Machine Learning with Scikit-learn

The Machine Learning Workflow

Data Prep: Load and clean data (using Pandas/NumPy).
Feature Selection: Pick inputs (X) and target (y).
Split: Divide data into training and testing sets.
Train: Fit a model to the training data.
Evaluate: Test performance on the testing set.

Linear Regression Example

from sklearn.model_selection import train_test_split
from sklearn.linear_model import LinearRegression
from sklearn.metrics import mean_squared_error

# Split data
X_train, X_test, y_train, y_test = train_test_split(X, y, test_size=0.2)

# Train model
model = LinearRegression()
model.fit(X_train, y_train)

# Predict and Evaluate
preds = model.predict(X_test)
print(f"MSE: {mean_squared_error(y_test, preds)}")

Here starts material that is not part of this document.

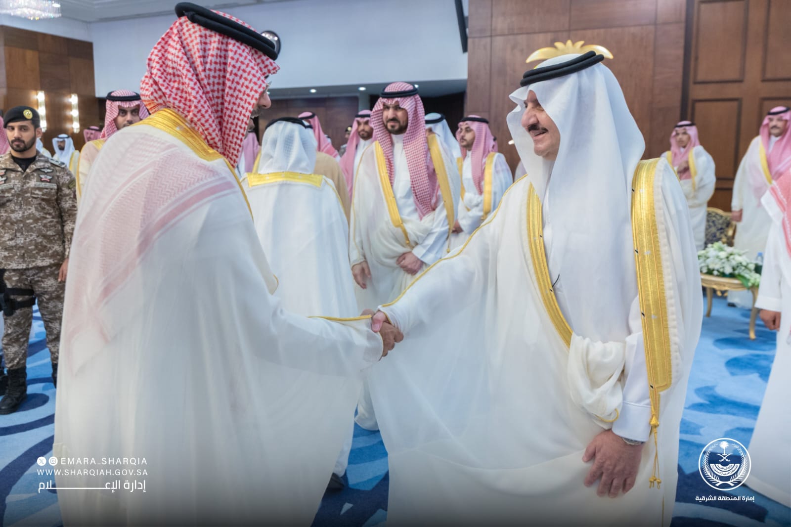 استقبل صاحب السمو الملكي الأمير سعود بن نايف بن عبدالعزيز أمير المنطقة الشرقية، وصاحب السمو الملكي الأمير سعود بن بندر بن عبدالعزيز نائب أمير المنطقة الشرقية، صباح اليوم الجمعة، جموع المهنئين بعيد الأضحى، وذلك في مقر الإمارة.
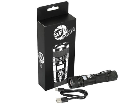 Put some powerful light on your subject with aFe Power's super bright CREE LED 950 lumen flashlight. This compact flashlight features a water and shock proof, anti-slip textured aluminum body and adjustable permeable optical glass to increase brightness. Perfect for wrenching in the garage and outdoor use, the aFe Power LED flashlight is rechargeable through a built-in Micro USB port and features 5 light modes: high, middle, low, strobe and SOS. Fully zoomable from wide to narrow beam and can run up to 2 hours per charge on high mode.

Classification with Random Forest

from sklearn.ensemble import RandomForestClassifier

clf = RandomForestClassifier(n_estimators=100)
clf.fit(X_train, y_train)
print(f"Accuracy: {clf.score(X_test, y_test)}")

Scaling and Preprocessing

Many algorithms require normalized data. Use StandardScaler or MinMaxScaler.

from sklearn.preprocessing import StandardScaler

scaler = StandardScaler()
X_scaled = scaler.fit_transform(X)

✅ Practice (45 minutes)

Install scikit-learn: pip install scikit-learn.
Load the built-in "iris" dataset (datasets.load_iris()).
Train a Logistic Regression model to classify iris species.
Use classification_report to see precision, recall, and F1-score.
Tune a hyperparameter (like n_estimators) and observe the effect.